= TASK DATA =
== == ==

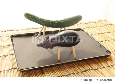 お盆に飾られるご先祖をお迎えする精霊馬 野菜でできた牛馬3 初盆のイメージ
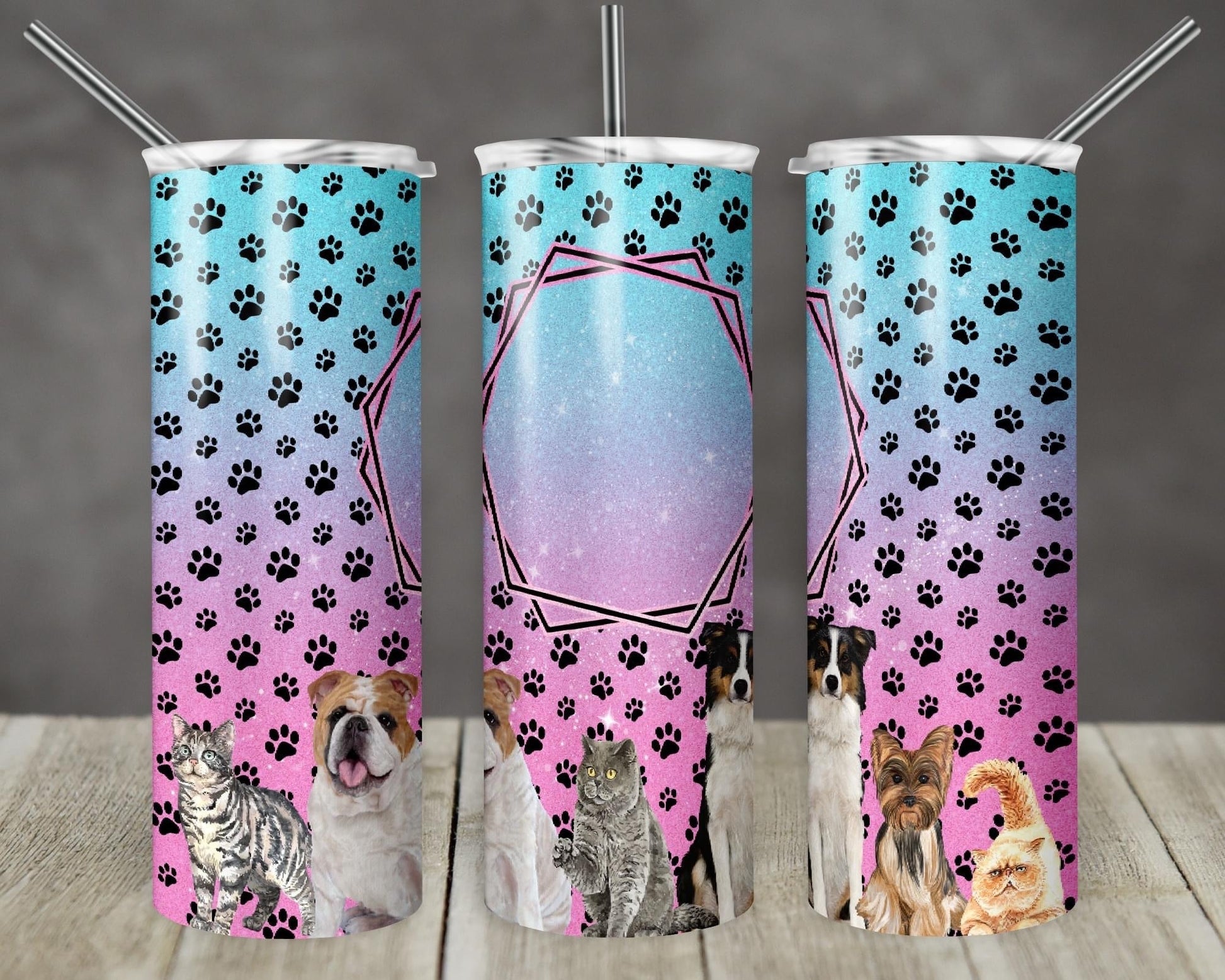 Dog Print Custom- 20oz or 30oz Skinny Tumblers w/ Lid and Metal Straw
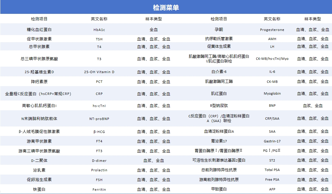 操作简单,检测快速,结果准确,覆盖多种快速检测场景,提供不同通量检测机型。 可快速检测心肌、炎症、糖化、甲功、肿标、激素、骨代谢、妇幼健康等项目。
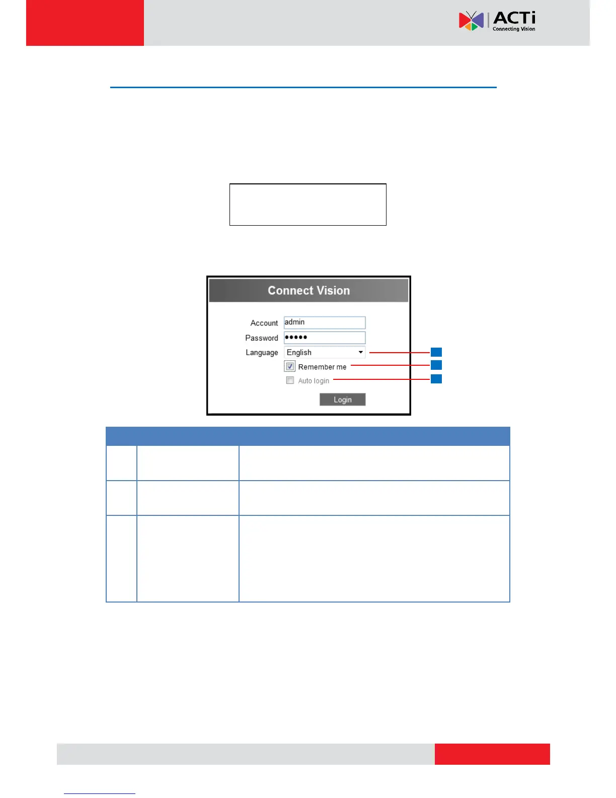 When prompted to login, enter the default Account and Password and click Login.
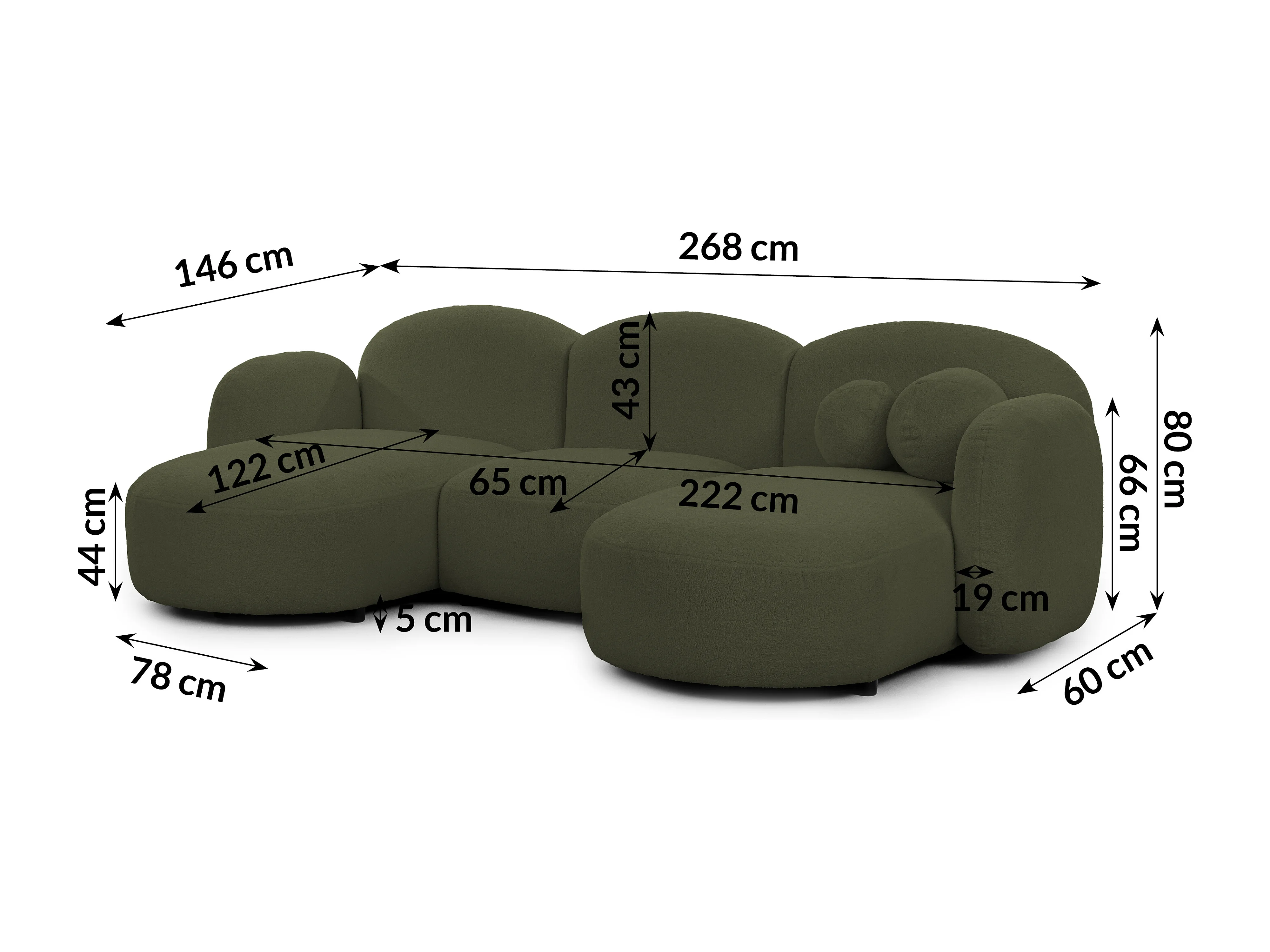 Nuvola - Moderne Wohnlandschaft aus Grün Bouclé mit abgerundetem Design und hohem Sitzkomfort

== == ==

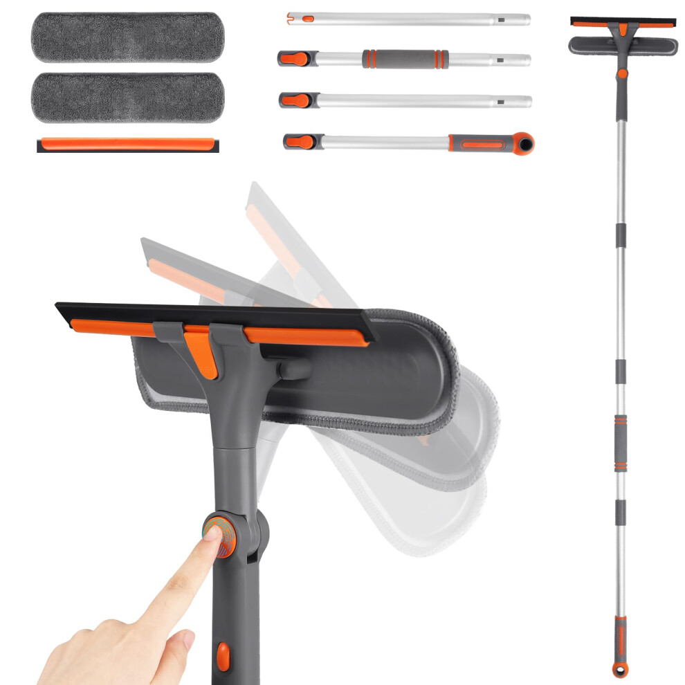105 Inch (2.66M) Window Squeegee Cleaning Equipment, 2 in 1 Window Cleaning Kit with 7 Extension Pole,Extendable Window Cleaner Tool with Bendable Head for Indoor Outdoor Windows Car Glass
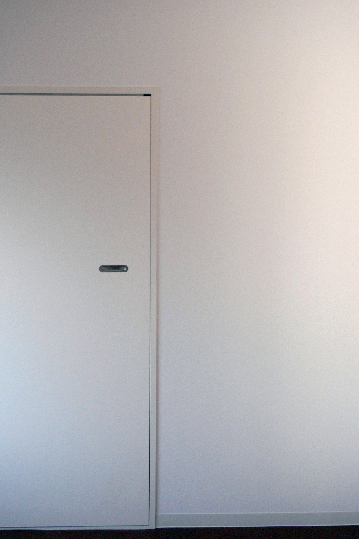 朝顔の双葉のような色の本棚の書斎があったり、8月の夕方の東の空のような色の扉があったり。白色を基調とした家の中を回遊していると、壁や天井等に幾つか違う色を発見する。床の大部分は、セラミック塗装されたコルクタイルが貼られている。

== == ==

= EXERCISE AIM =
Nothing but the lines above from the line with "105 Inch (2.66M)" up to and including the line with "朝顔の双葉のような色の本棚の" should be returned, exactly as written and without pictures.

= RESULT FOR THIS TASK =
105 Inch (2.66M) Window Squeegee Cleaning Equipment, 2 in 1 Window Cleaning Kit with 7 Extension Pole,Extendable Window Cleaner Tool with Bendable Head for Indoor Outdoor Windows Car Glass
 朝顔の双葉のような色の本棚の書斎があったり、8月の夕方の東の空のような色の扉があったり。白色を基調とした家の中を回遊していると、壁や天井等に幾つか違う色を発見する。床の大部分は、セラミック塗装されたコルクタイルが貼られている。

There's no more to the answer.